Оставив уши в покое, влепила новую пощечину в ту же левую щеку. Вероятно, удар с правой у нее лучше поставлен. Я оценил.
– Я спросила: ты понял?
Черт возьми, можно было остановить эту вакханалию одним коротким ударом без замаху. Но мне правилось. Пусть. Может, с нами, мужиками, только так и надо: упал-отжался, упал-отжался? И в каждом из нас дремлет прыщавый подросток со слезящимися глазами, тоскующий по сильной, властной женщине? Как Дьяволица-Шаманка из моего сна…
Отследив еще один замах, я поторопился согласиться.

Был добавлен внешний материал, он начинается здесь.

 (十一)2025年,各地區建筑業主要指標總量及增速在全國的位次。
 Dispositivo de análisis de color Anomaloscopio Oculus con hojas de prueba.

– Понял, Аня, хватит, не перегибай!
– Пошли! – Она ухватила меня под руку и повела. От столовой, к слову, в сторону.
– Слушай, я жрать хочу! Я весь день вкалывал!
– Будет тебе ужин, успокойся, – не сбавляя шагу, сказала она. Вела меня Аня, как, я понял, в свой дом № 7, где в отсутствие Жоан Каро была она единственной хозяйкой.

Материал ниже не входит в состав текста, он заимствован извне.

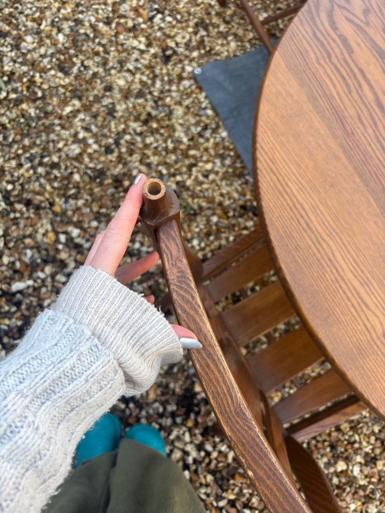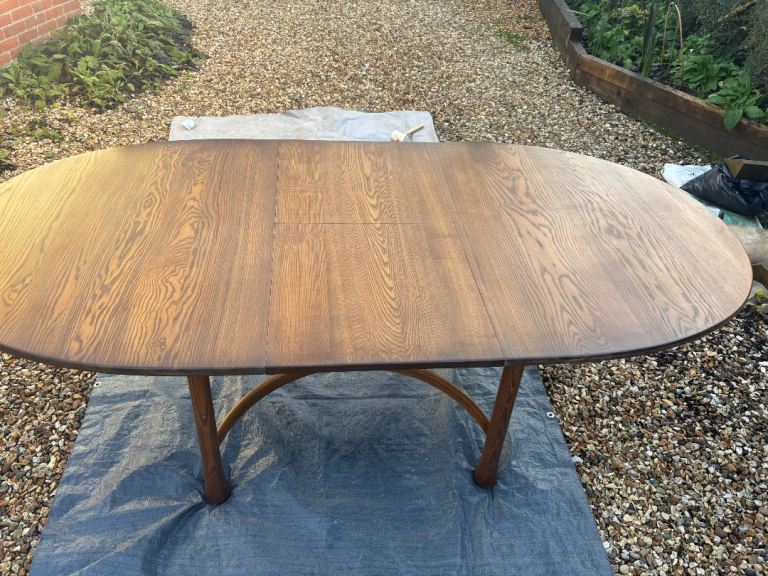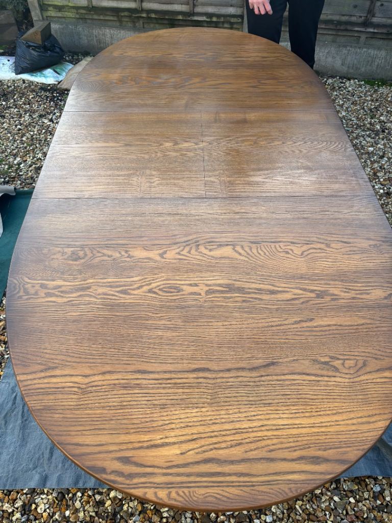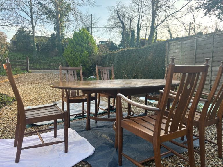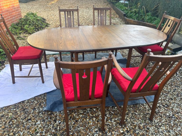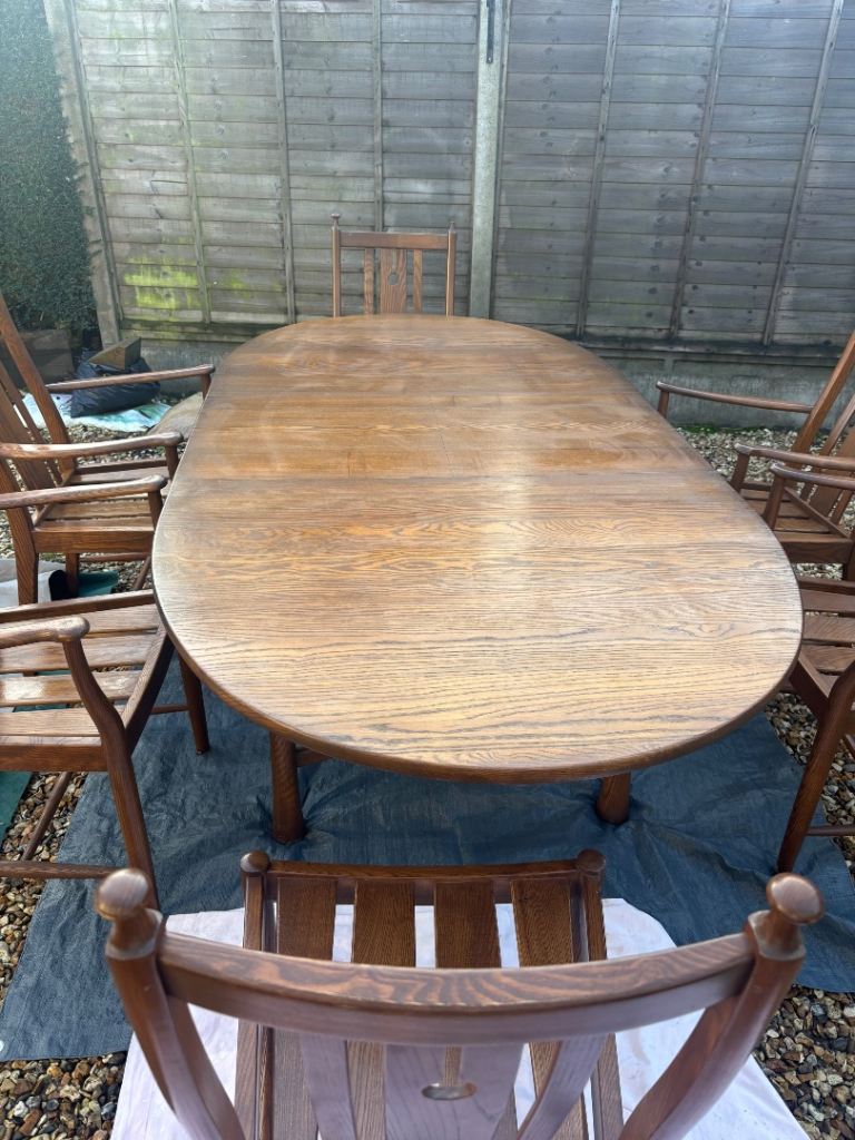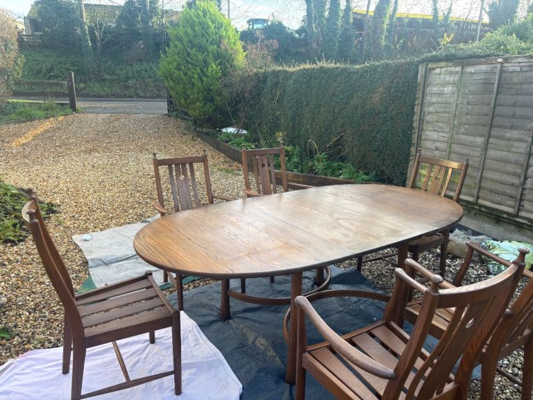 Posting for 9+ yearsErcol vintage extendable elm 6-8 person dining room table and 6 matching chairs
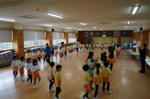 今日は、生活発表会保護者観覧席の抽選会を行いました。各学年ごとにホールへ集まり、音楽に合わせて行進し、音楽が止まると同時にくじを引き、これを3回(A席・B席・C席)行いました。園児が引いた赤・青・緑のくじは本日持ち帰っていますので、メールで添付した座席一覧表と照らし合わせてご確認ください。
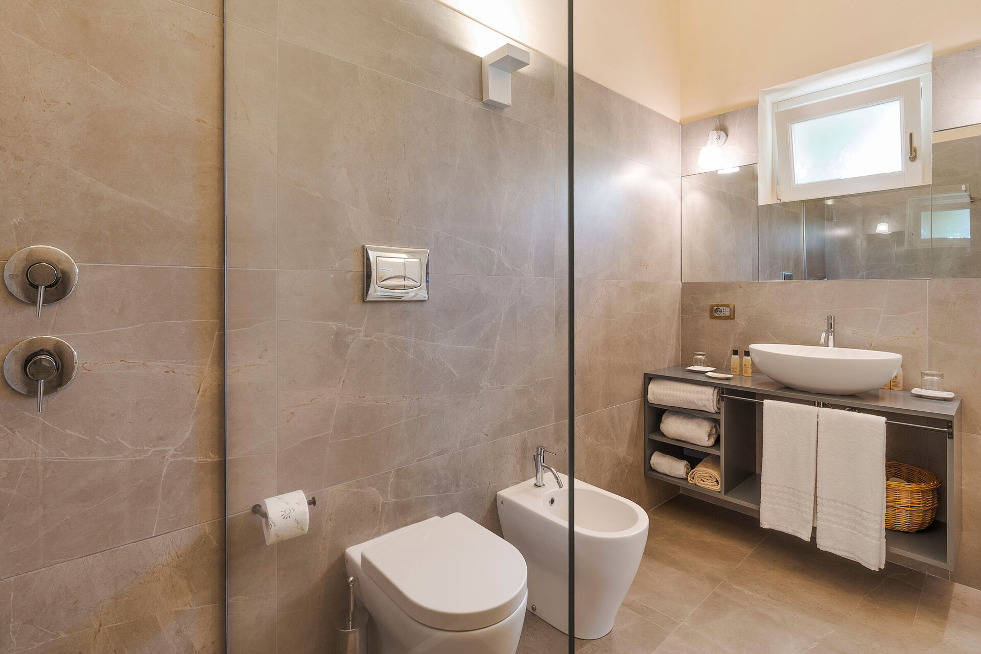 Ejendommen byder på store udendørs og indendørs arealer, perfekt for større grupper som ønsker at holde ferie sammen: med en veludstyret og komfortabel indretning, 4 suiter, 2 soveværelser og to etager (forbundet med elevator) kan ejendommen rumme op til 12 personer. Huset er smagfuldt indrettet med flotte detaljer og designmøbler.

– И мне правда в баню надо!
– Ерунда, – усмехнулась, – мне нравится запах мужского пота. Он меня заводит.
«Извращенка», – подумал я с нежностью. Где были мои благие намерения? Дороги куда вымощены ими?
И еще подумал: «Интересно, есть у нее в номере хлыст, наручники и кожаный прикид? Очень бы все это подошло к ее новому имиджу…»

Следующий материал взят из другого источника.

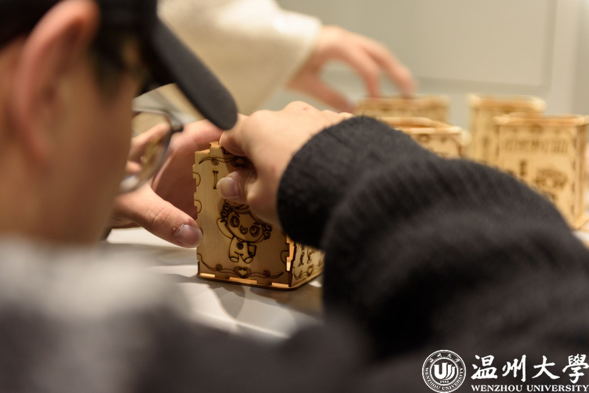 在制作过程中,辅导员们不仅体验到了科技的魅力,还深刻感受到了团队合作的重要性。这些独一无二的卡通挂件成为了大家个人收藏的珍贵纪念品。同时,潘敏辉老师为参加本次活动的所有辅导员们精心制作了刻有学校Logo、吉祥物文文达达和姓名的专属笔筒。
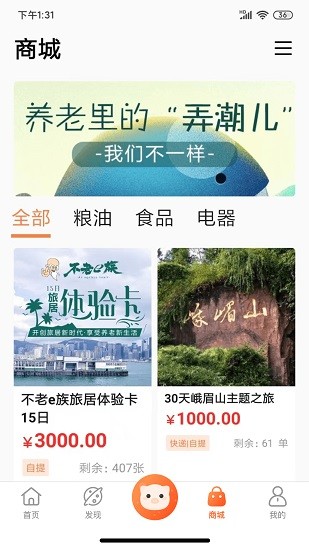 不老e族服务于全国的中老年人,在这里拥有丰富的旅居养老套餐,用户们可以根据需求来选择,每个套餐都有详细的介绍可以查看,而且价格也是有清晰的标价的,线上还能在线购买生活日用品,让老年人生活更方便。
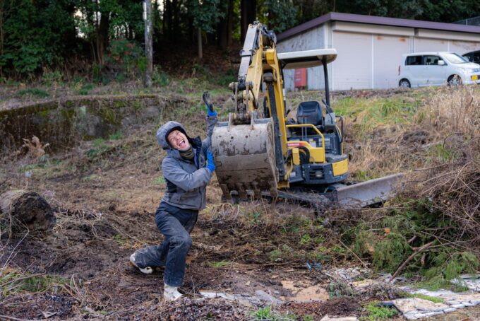 ここはクラファンで行っているプロジェクトの一環で、使っていなかったここの場所を駐車場として使うべく今綺麗に整地しているところです!
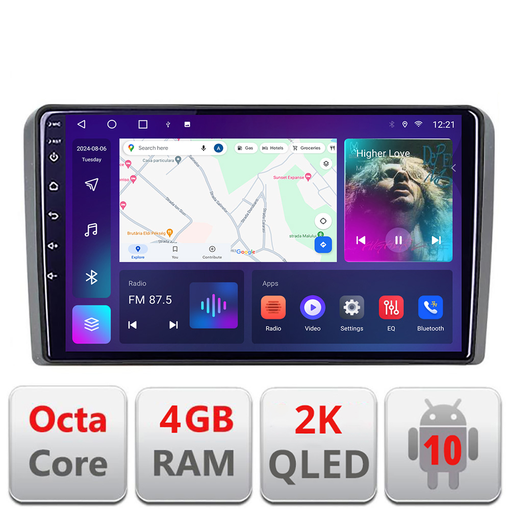 Navigatie Audi A3 8P C-049 Android Octa Core Ecran 2K QLED GPS 4G 4+32GB 360 KIT-049+EDT-E409-2K CarStore Technology

Анна втолкнула меня внутрь и захлопнула дверь. Потом заперла ее на ключ, который с размаху выбросила в окно.
Шучу. Ключ остался в замочной скважине, как кость в горле… Да что у меня за сравнения такие? Опять кости, всюду кости… Тут же и вспомнил, что череп барана оставил в заброшенном доме на полочке возле печки…
И больше я уже ничего не вспоминал, ни о чем не думал, потому что Анечка взялась за меня по-настоящему.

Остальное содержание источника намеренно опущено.